_Your task_
Take the entries below and reproduce exactly the portion that begins at the line containing "Eastern rockhopper penguin" and ends at the line containing "Discussion with community", keeping both ends, dropping pictures, and adding nothing else.
-=-=-
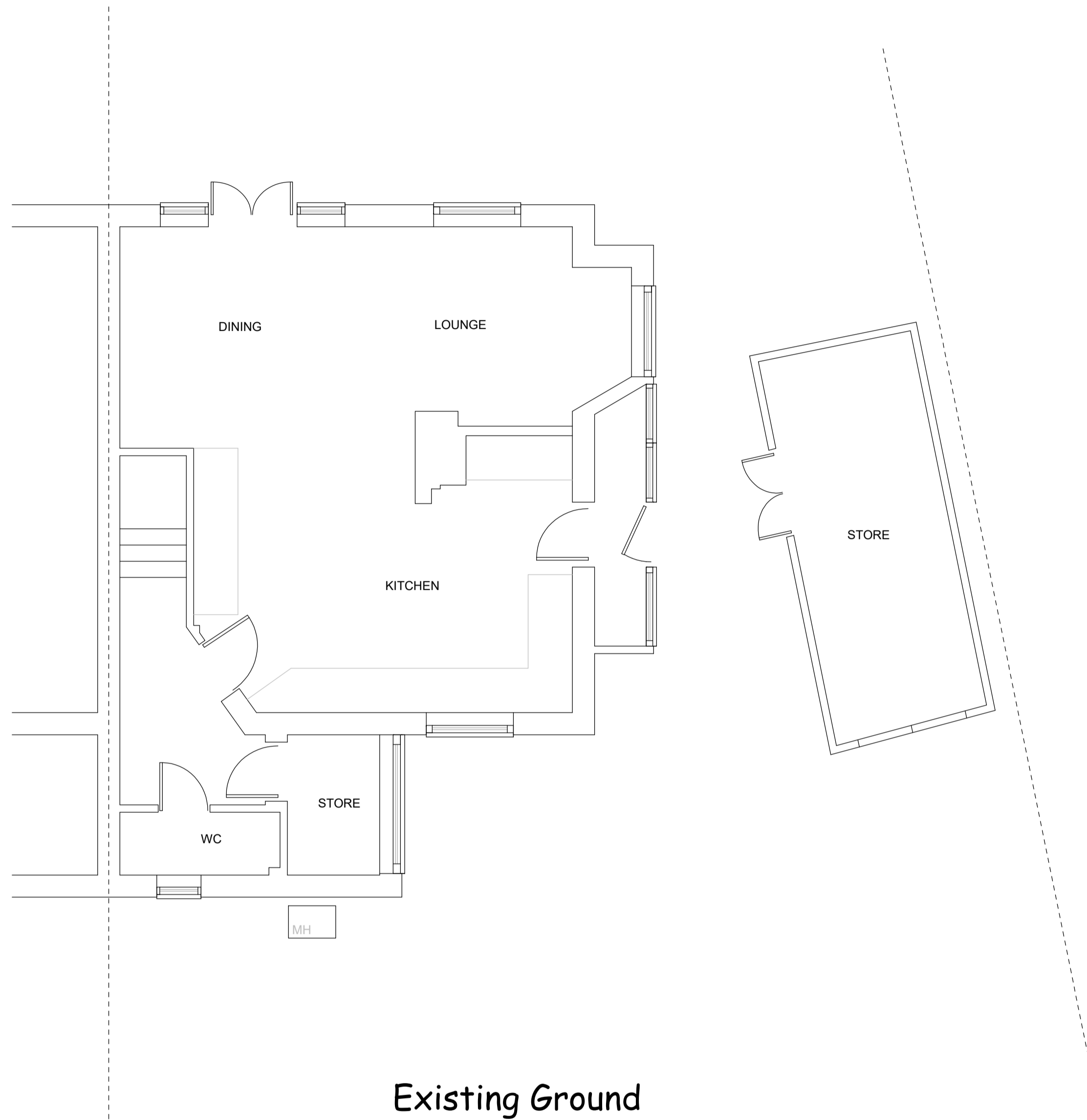
Existing Ground Floor (1:50)
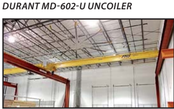
3-TON FLORIDA BRIDGE CRANE

OVERLAY LAMINATORS, NATIONAL PARTITIONS MEZZANINE, COMBINATION DISK/BELT SANDERS, AND MORE
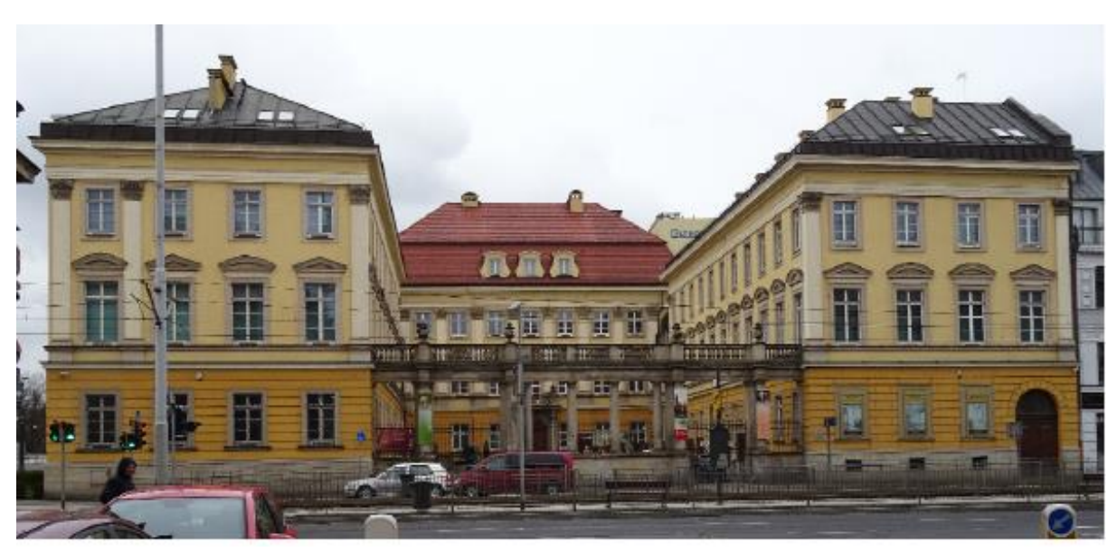
Figure 3: The former palace at 34-35 ulica Kazimierza Wielkiego, Wrocław. In the mid-19th century the wings were added and the whole palace was repainted reddish pink (Photo by the author, 2016).

In Kliczków, a medieval castle was rebuilt in the Renaissance style and enlarged in the years 1881-83. It was estimated that beige was applied to the palace elevations during the 19<sup>th</sup>-century refurbishment, with the exception of stone parts that were left uncoated.
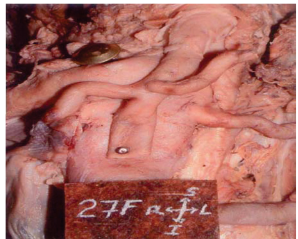
Figure 2- Typical trifurcation of coeliac trunk into left gastric artery, common hepatic artery and Splenic artery.

According to Moncada et al [7], 89% of the coeliac arteries divide into left gastric, common hepatic and splenic arteries but variations in the arrangement are quite common. Vandamme and Bonte [11] in their angiographic study showed that only 86% of coeliac trunk showed the classical trifurcation whereas Michels [10] stated this percentage to be only 55%.
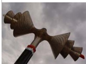
FOR THE FUTURE
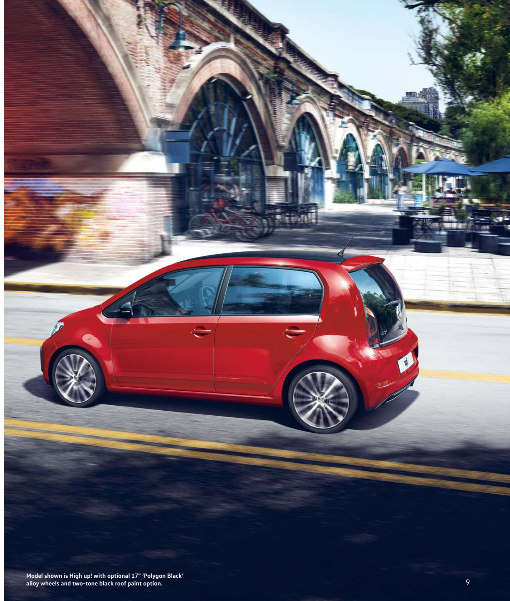
Model shown is High up! with optional 17" 'Polygon Black' alloy wheels and two-tone black roof paint option.
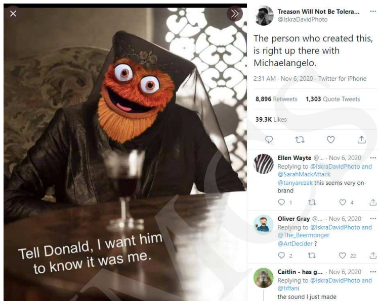
Fig. 3: Example of Gritty meme with high intertextuality by @IskraDavidPhoto (2020)

While the framing is similar to the previously discussed examples, in memes such as this 3 , several elements come together to create the multi-layered joke of the meme: Gritty's head is super-imposed on Olenna Tyrell, a character from HBO's Game of Thrones series. The show's quote is slightly altered to refer to Donald Trump, once again taking the place of a hated villain, this time Game of Thrones ' king Joffrey. Denisova (32) points out that "memes are coded messages and therefore can be confusing for various people: members of the audience may have varying abilities and skills to read the 'code'" in such cases. Here it is both necessary to know the context of the quotes – Olenna admitting to the murder of a tyrant king – and the event it references, with the implied metaphorical murder being Trump's loss of the election, which was attributed to the votes of leftist Philadelphians, as Pennsylvania flipping blue was seen as the key event cementing Biden's victory, metonymically referenced through Gritty.
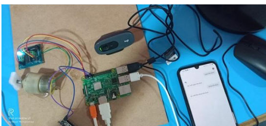
Fig-4. Top view of the project.
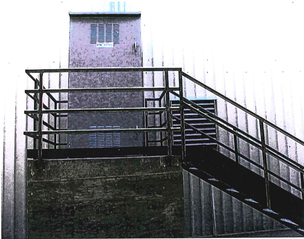
WESTERLY VIEW 04/28/2008

If submitting more photographs than will fit on the preceding page, affix the additional photographs below. Identify all photographs with: date taken; "Front View" and "Rear View"; and, if required, "Right Side View" and "Left Side View."
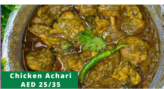
Chicken Achari AED 25/35
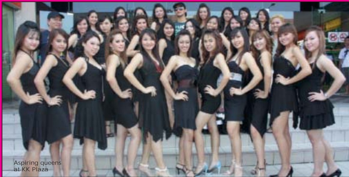
Aspiring queens at KK Plaza

The pageant will culminate on Apr 11, where 15 short listed par-
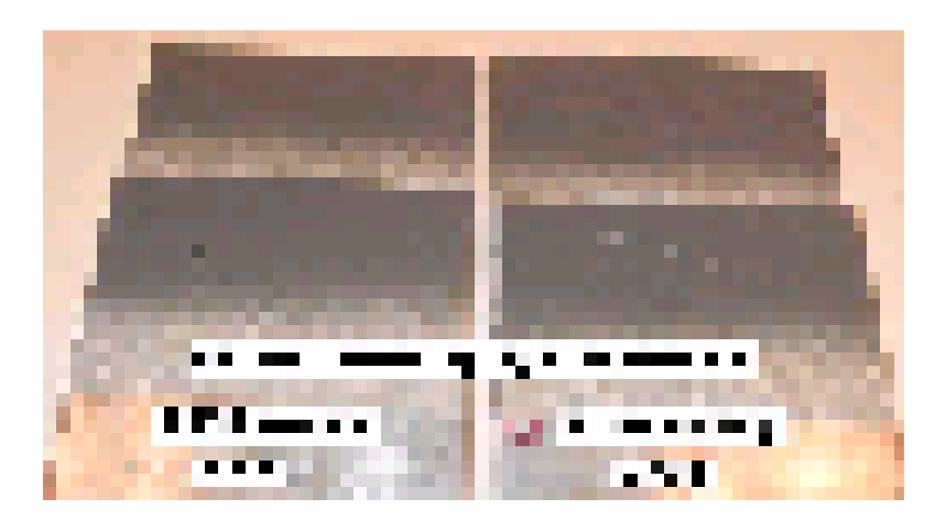
Figure 1. Typical NTST silicon nitride coatings

Current applications are found in the automotive, industrial bearing, aerospace, medical, and electronics industries. The largest market for silicon nitride automotive components is in engines and wear components. This includes glow plugs, combustion chambers, turbochargers, and exhaust gas control valves. The wear resistance, low friction, and high stiffness of silicon nitride improves the performance of high temperature bearings. Figure 1 illustrates typical NTST silicon nitride coatings (i.e. 5 and 10 mils thick). Figure 2 illustrates the as-sprayed surface morphology of a typical NTST Si3N4 coating (160x).
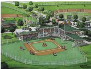
Cullman, Alabama: Field of Miracles

The Land and Water Conservation Fund is a visionary program established by Congress to preserve, develop and assure accessibility to quality outdoor recreation resources for active participation in recreation and "to strengthen the health and vitality of the citizens of the United States (Public Law 88-578)." In a landmark study more than forty years ago, the Outdoor Recreation Resources Review Commission championed the vital connection between local recreation facilities and public health, the very same connection prevalent in today's prescriptions for creating healthy communities. Projects are listed by county with congressional districts in parentheses. Images featured in this section highlight both current and recently completed LWCF projects.
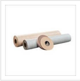
Garkon Class H
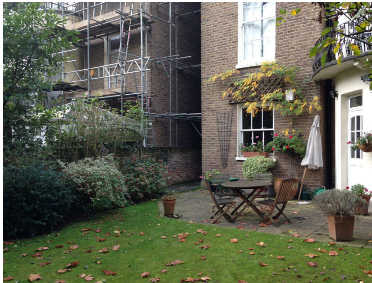
Rear garden of no. 64 Belsize Park Gardens
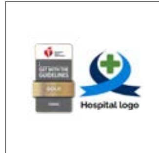
Does not allow sufficient area of non-interference
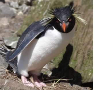
Eastern rockhopper penguin vulnerable to climate change as it relies on the sea's food resources
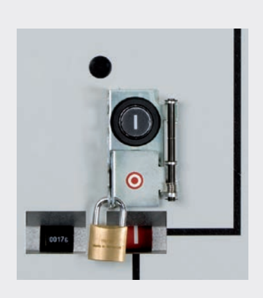
Secured to prevent deearthing
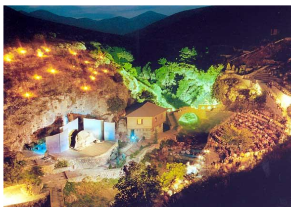
Theatrical and musical nights by the gorge in Petrousa
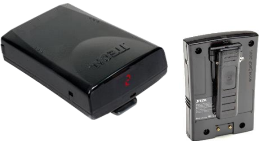
Rugged Pager w/ Rechargeable digital rugged staff pager with spring clip P/N PGRGDS2 - $
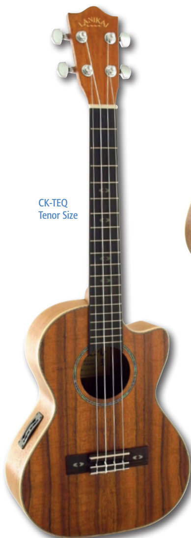
CK-TEQ Tenor Size
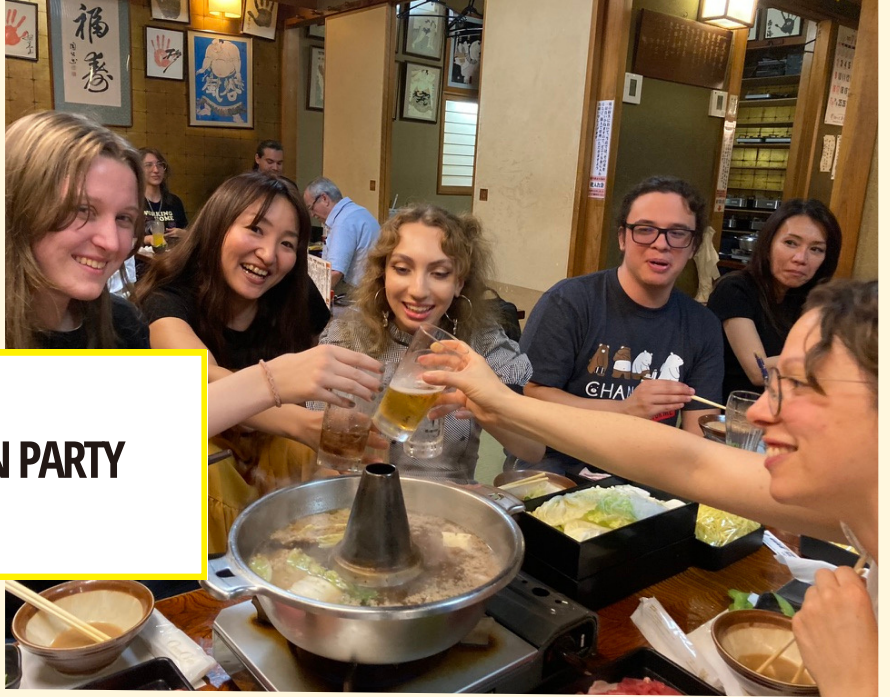
Friday, November 1st AUTUMN COURSE GRADUATION PARTY <4,000 JPY>
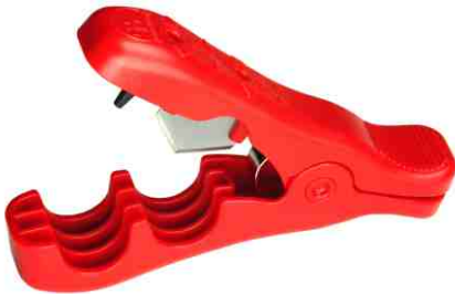
2 in 1 Punch & Cutter
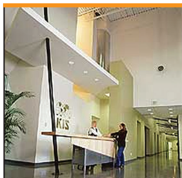
Kiosk Information Systems' world headquarters.

SmartPro 550 USB WatchDog UPS Systems protect KIS's kiosk CPUs against damaging power surges and audio/video distortion due to line noise.
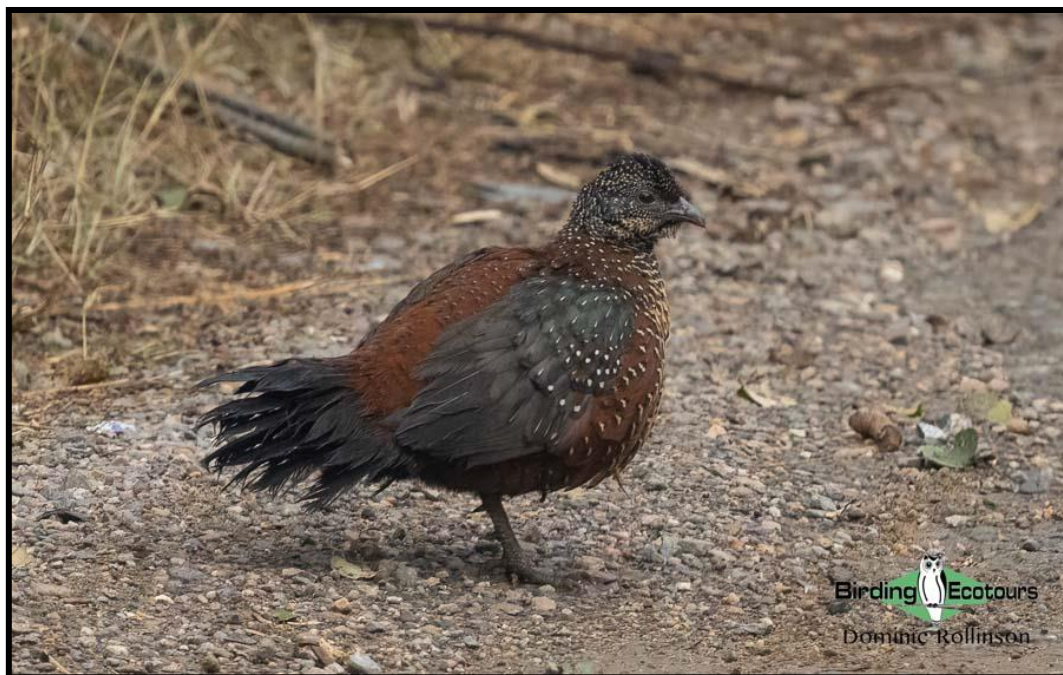
Certainly one of our biggest avian targets in Ranthambhore, Painted Spurfowl
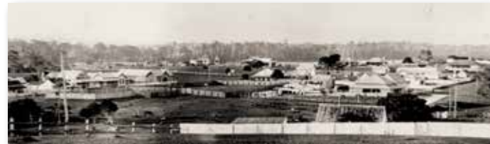
View of Urunga township from Flagstaff Hill.

Timber mills were constructed and the logs were delivered to the various depots along the river banks by bullock teams, then moved to the various mills by numerous paddle wheel Droghers. The timber was transported from the mills to the wharfs at Urunga to be shipped to Sydney. The cutters were followed by farmers who, recognising the rich potential of the river valley's alluvial soils, grew maize and grazed dairy cattle.
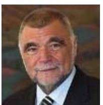
Mr Stjepan Mesic President of Croatia
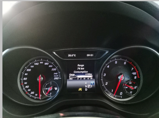
DASHBOARD (W/ ENGINE RUNNING)
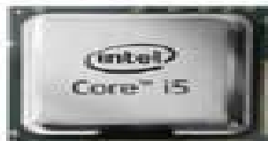
(d) Core i5 Processor [16]
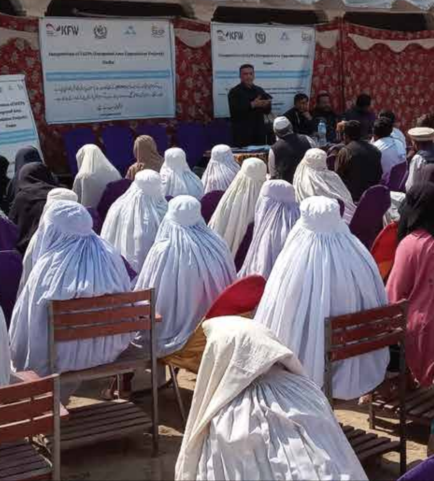
Discussion with community members on project implementation in DI Khan, Khyber Pakhtunkhwa.

LACIP is an integrated poverty reduction programme funded by Federal Republic of Germany through KfW that aims to contribute towards the improvement of living conditions of vulnerable communities by building disaster-resilient Community Physical Infrastructure (CPI) and generating employability through Livelihood Enhancement and Protection interventions with Institutional Development as the basis for all the activities. PPAF is the lead implementing agency of LACIP through its Partner Organisations (POs).
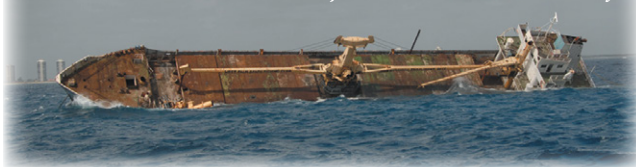
Rybovich Endowment Reef
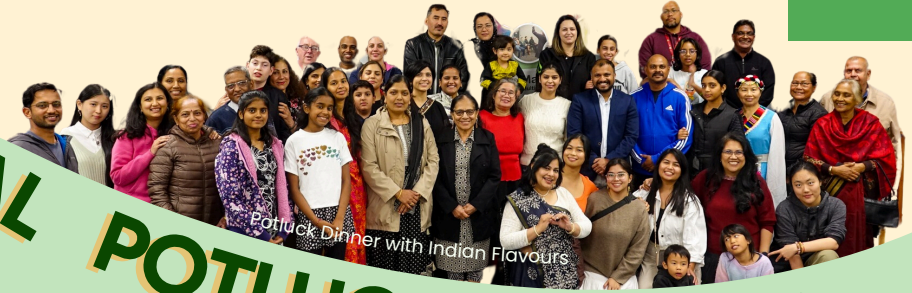
Potluck Dinner with Indian Flavours

A big thank you to everyone who participated and shared their dishes. Thank you to all who performed. The event was filled with a delightful variety of multicultural cuisines, making it truly special. Special thanks to all attendees, volunteers, and MMC staff for contributing to the success of this event!
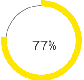
Exhibit 1: Planned transformational savings within social care were not delivered in full
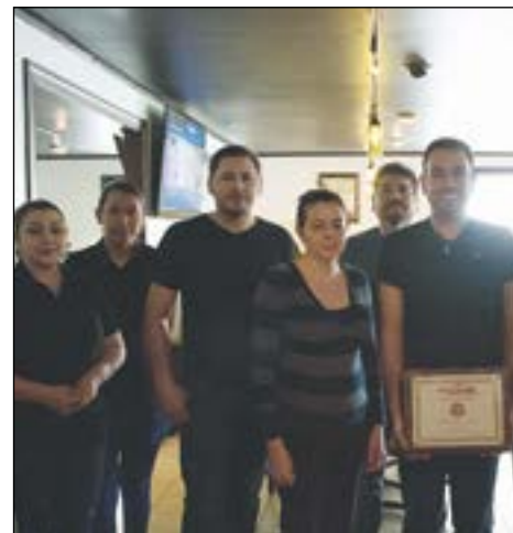
Congratulations to Taqueria Guadalajara on celebrating their 1 year anniversary!
-=-=-
_Expected output_
Eastern rockhopper penguin vulnerable to climate change as it relies on the sea's food resources
Secured to prevent deearthing
Theatrical and musical nights by the gorge in Petrousa
Rugged Pager w/ Rechargeable digital rugged staff pager with spring clip P/N PGRGDS2 - $
CK-TEQ Tenor Size
Friday, November 1st AUTUMN COURSE GRADUATION PARTY <4,000 JPY>
2 in 1 Punch & Cutter
Kiosk Information Systems' world headquarters.

SmartPro 550 USB WatchDog UPS Systems protect KIS's kiosk CPUs against damaging power surges and audio/video distortion due to line noise.
Certainly one of our biggest avian targets in Ranthambhore, Painted Spurfowl
View of Urunga township from Flagstaff Hill.

Timber mills were constructed and the logs were delivered to the various depots along the river banks by bullock teams, then moved to the various mills by numerous paddle wheel Droghers. The timber was transported from the mills to the wharfs at Urunga to be shipped to Sydney. The cutters were followed by farmers who, recognising the rich potential of the river valley's alluvial soils, grew maize and grazed dairy cattle.
Mr Stjepan Mesic President of Croatia
DASHBOARD (W/ ENGINE RUNNING)
(d) Core i5 Processor [16]
Discussion with community members on project implementation in DI Khan, Khyber Pakhtunkhwa.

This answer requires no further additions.